Keys to Achieving High Screening Rates for Patients with Diabetes- A Large Clinic Perspective

August 5, 2015   |  Tags: Blog   |  Tags: Team Based Care , Chronic Disease Management , Patient Engagement , Portland , Patient Portal
The Portland Clinic

When it comes to caring for people with diabetes, The Portland Clinic is lucky to have many physician champions that advocate for proper self-management. Some of our physicians had mentors before them that encouraged proactive follow-up for patients with diabetes. This sort of focus is important and because of their focus and efforts, The Portland Clinic continues to strive for great outcomes for patients with diabetes. We have dedicated nurse practitioners and a registered nurse who focus specifically on patients with diabetes. We also provide two different informational classes as well as education options, such as insulin pump training.

When a patient with diabetes is seen at our clinic, the patient's primary care provider will work with them to decide if they need a more specialized approach to manage their care. The educational classes we offer are for patients with pre-diabetes, newly diagnosed with diabetes, or for continued support. If a patient is struggling with managing their diabetes and getting their blood sugar levels to a recommended level, we suggest enrolling the patient in an education class. Sometimes group classes, rather than a follow-up office visit can be more effective for the patient.

Part of our success means continually assessing where we are and adapting and refining our methods. We are currently working on having outside sources come in and do additional training for the primary care providers. This training will focus on helping the providers assess their ability to identify patients who may have additional needs, and their comfort level with addressing needs that arise. In order to make this even more worthwhile for our providers, we plan on offering  CEUs.

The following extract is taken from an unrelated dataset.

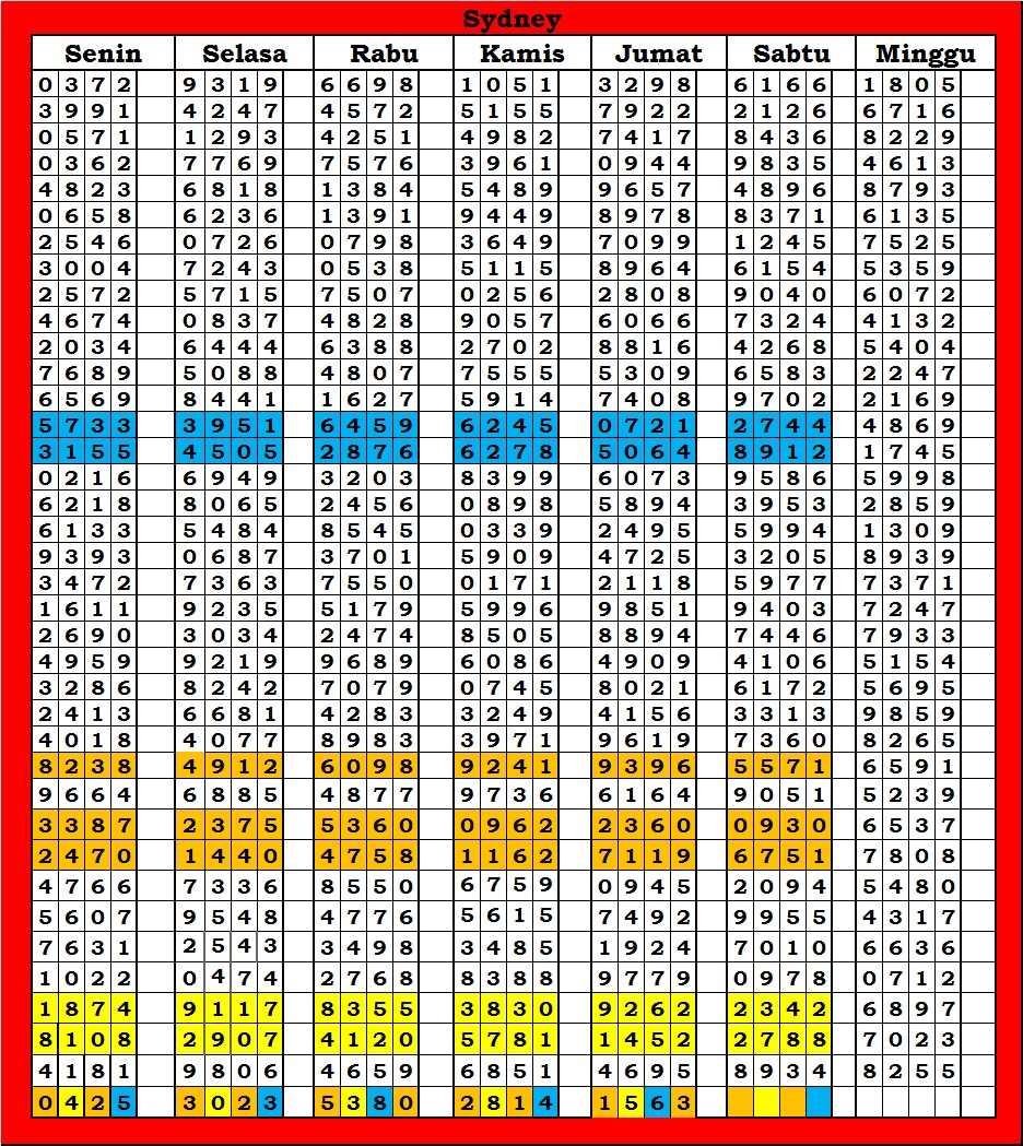 | TABEL DATA SYDNEY 6D VERSI HARIAN |

We are taking a team approach when it comes to our patient care, which means we involve all clinic staff members. Sometimes patients with diabetes have difficulty accessing care. To make it more feasible for the patient we attempt to meet a variety of needs in just one visit to the clinic. This may mean scheduling their lab work, ophthalmology appointment, foot care, etc. back-to-back so the patient doesn't have to juggle multiple appointment trips. We have encountered some challenges as we work with particularly complex patients, but we have found that everything runs smoother when you get everyone on board to work as a team. It is essential to have the common goal of the best care possible for the patient.

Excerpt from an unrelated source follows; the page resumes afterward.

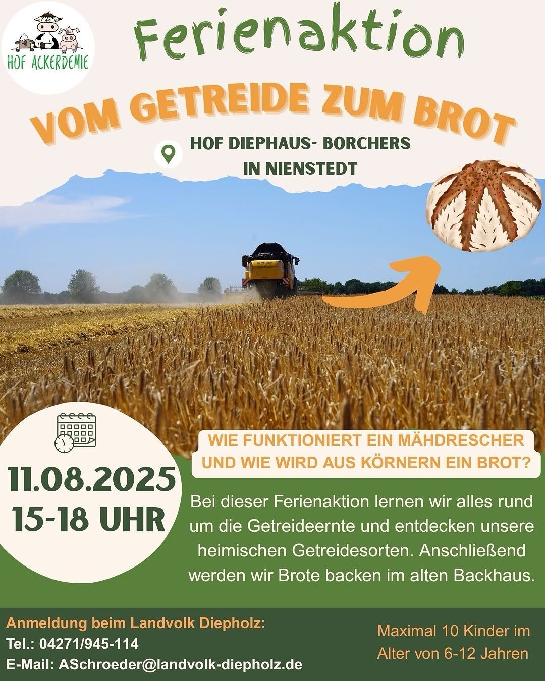 Vom Korn zum Brot – Kinder von 6 bis 12 Jahren erleben hautnah, wie aus Getreide leckere Brote werden! Gemeinsam ernten, mahlen & backen, im Rahmen der Hof Ackerdemie vom Landvolk Diepholz.

Both HbA1c and kidney disease screenings need to be done on a regular basis, and measuring whether it is done, has helped us refine our process over time. Our clinics decided to eliminate the confusion over when the screening needed to be done by setting health maintenance reminders in our electronic medical record. Now we focus our efforts on getting the screening done versus determining when the screening should be done. When a patient comes in, the system lets the provider know which screenings are due; this helps us streamline our patient care, and it is getting more robust as time goes on and we continue to make improvements.

The last and most important key is our online patient portal. Many electronic medical record systems offer this feature, and it really helps the patient to access their own health information. Patient engagement is a huge part of the health care equation. With education, provider instruction, and access to their own information, our goal is really to get to a point where the patient can practice self-management using all of these tools. There is so much that goes on in our patients’ lives, and our providers only see them for a fraction of their day, week, or month.

Each year the Oregon Health Care Quality Corporation (Q Corp) produces Information for a Healthy Oregon, a statewide report on health care quality and utilization. The report analyzes claims data across populations to identify opportunities for improving the quality, affordability, and patient experience of care. For this year’s report we interviewed top performing practices to learn what they have done to achieve high screening rates. Stay tuned for the release of this year’s report later this summer; it will be available for download on the Q Corp website. Tara Bergeron from The Portland Clinic – Yamhill shared the keys to the clinic’s high performance on quality measures for Diabetes Blood Sugar (HbA1c) and Diabetes Kidney Disease screenings.

The Portland Clinic has been recognized as a Patient Centered Primary Care Home through the Oregon Health Authority's Patient-Centered Primary Care Home Program. The Portland Clinic is also part of the Portland Coordinated Care Association (PCCA), a network of independent medical groups in Portland that pool resources to help lower costs, improve quality outcomes and prefect the patient experience.